Other large developments are taking hold. To the south of Venetian Hills is Fort McPherson, home to Tyler Perry’s sprawling studio complex, which has spawned nearby apartment construction. In Pittsburgh, between Adair Park and the Connector to the east, the Annie E. Casey Foundation and two developers have started work on a 31-acre development aimed at offering shops, homes and up to 1,000 jobs.
Some longtime residents see mostly upsides to the rejuvenated market.
“So many houses were empty, or were maybe short-term rentals,” said Paul McMurray, who has lived in Chosewood Park for three decades. “Many of them were just unlivable.”
It’s true that taxes have risen the past few years along with values, he said. “But for four or five years, I was paying $50 a year. That’s how bad it was.”
He pays about $750 a year now, roughly what he paid in 2008.

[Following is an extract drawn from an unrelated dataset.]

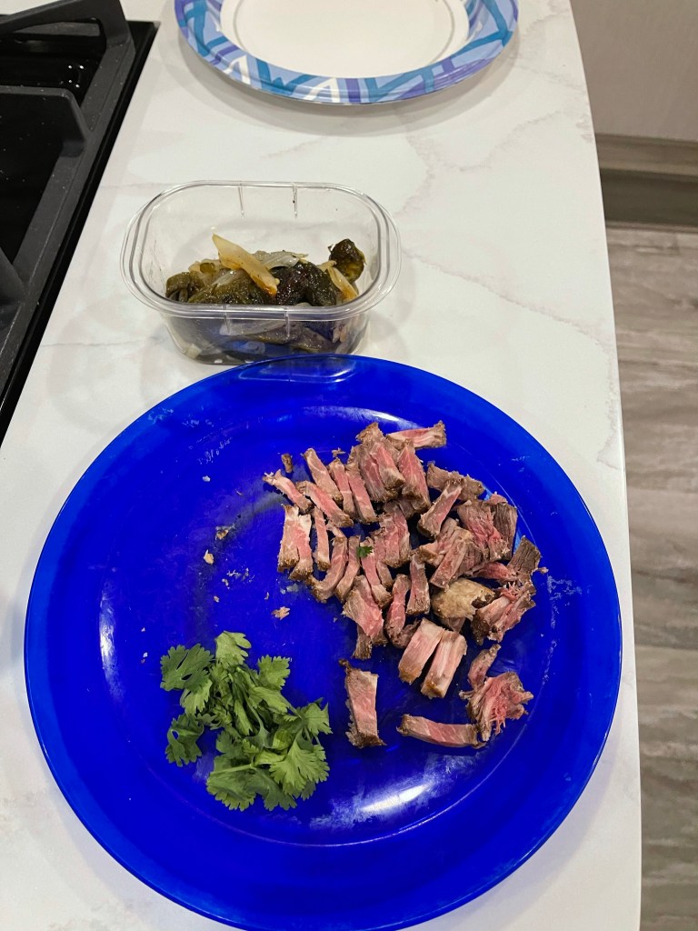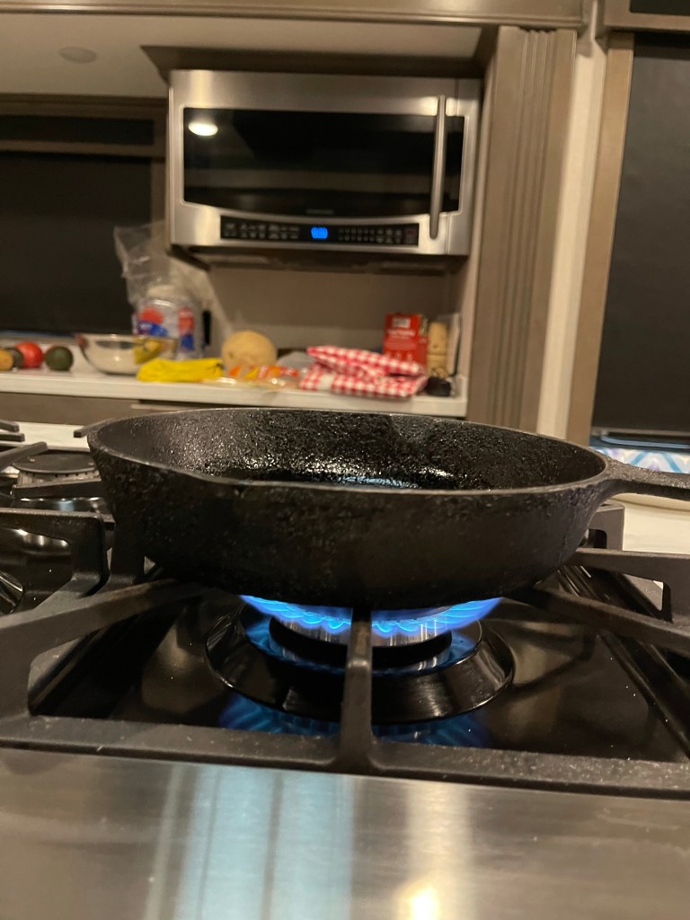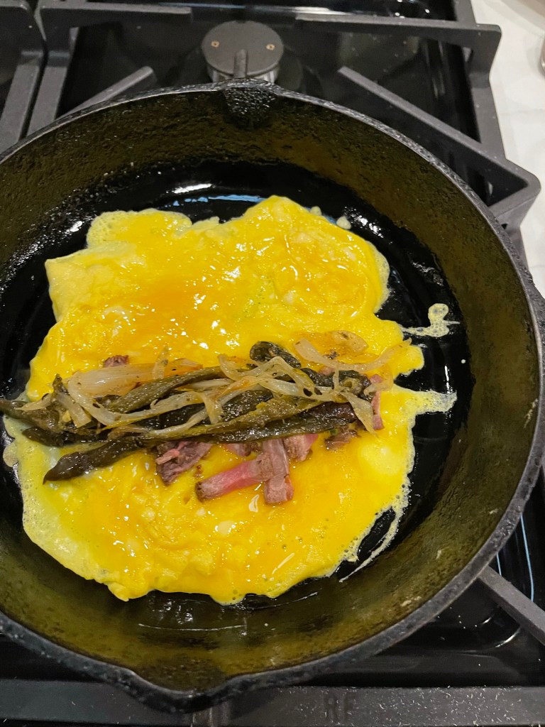 Saturday, on my grill at the RV, I made steak fajitas using strip steak, roasted poblano peppers, and grilled marinated onions. I had leftovers. On Sunday morning, Bruce asked, “what do you want to do for breakfast?” and I suggested an omelet. He was happy with that idea, so I used the fajita leftovers to make an omelet for him.
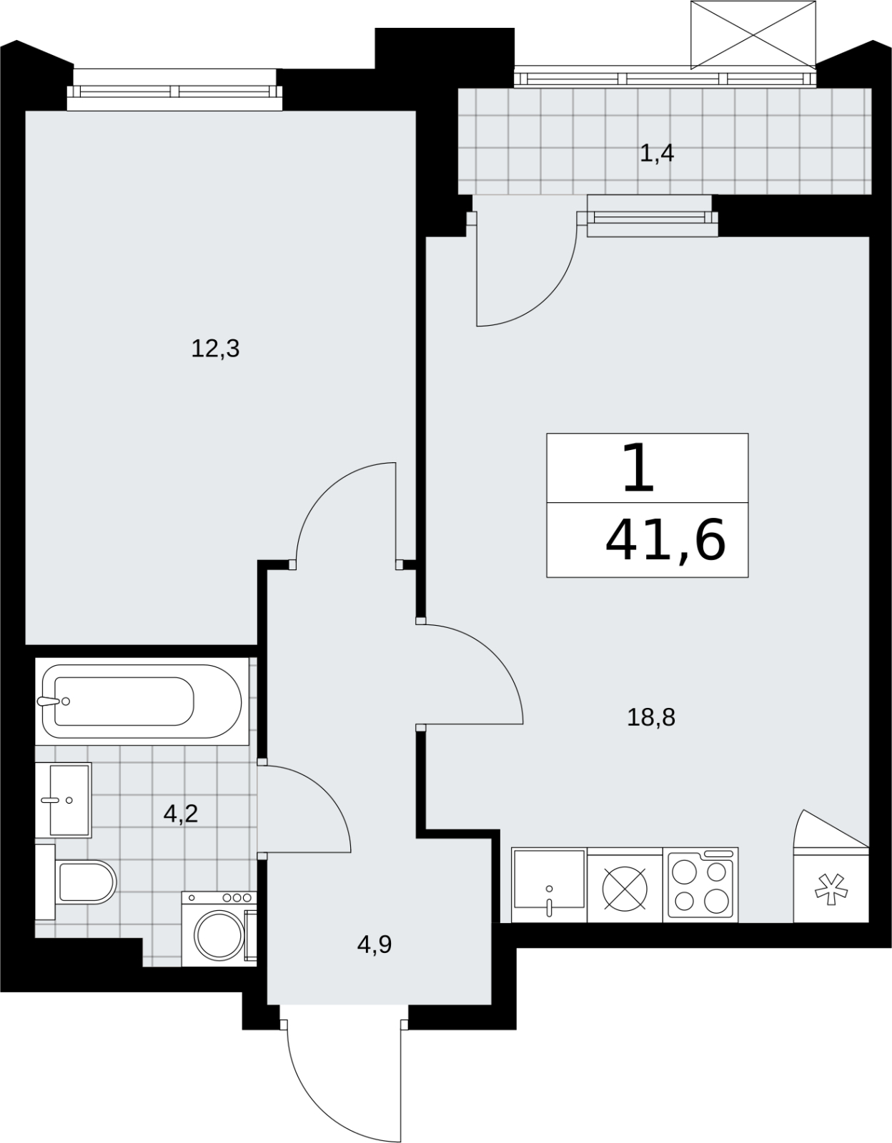 - Общая площадь 41.6 м²

But Ericka Nichols, a Redfin listing agent who does a lot business in south Atlanta, says pressure is growing. Older residents can apply for tax exemptions, but they are not always enough. “A lot of people do feel like they are being forced out of these areas,” said Nichols, who grew up near Oakland City before moving away.
Development in many of the neighborhoods remains uneven. Houses are still boarded up on some streets. Retail options are often limited. Some of the schools have historically struggled.
But in a good sign, home values and crime appear to be moving in opposite directions, according to Atlanta Police Department statistics. Over the past decade, the annual number of reported crimes fell from 588 to 278 in Pittsburgh and from 286 to 194 in Venetian Hills.
Some prospective home buyers already worry fast-rising prices in south Atlanta could put their dream house out of reach. In some neighborhoods, prices are threatening to top $300,000, such as Westview, where the most recent median sales price was $290,000.
Amanda Etheridge Ray, a 31-year-old camera assistant in the film industry, has been renting for five years in Grant Park. Recently married, she and her husband are now looking to buy a house farther south that they can afford.
“I’d be open to going out of town,” she said. “My husband, not so much. It takes him 12 minutes to get to his work and he thinks that is astronomically long. So we are not ready for that.”
But the search has been daunting. When they’ve seen houses that they liked and that were in the right price range, they didn’t have enough space or needed expensive renovations.
“Things are changing so fast that we already feel that we are getting priced out,” said Ray.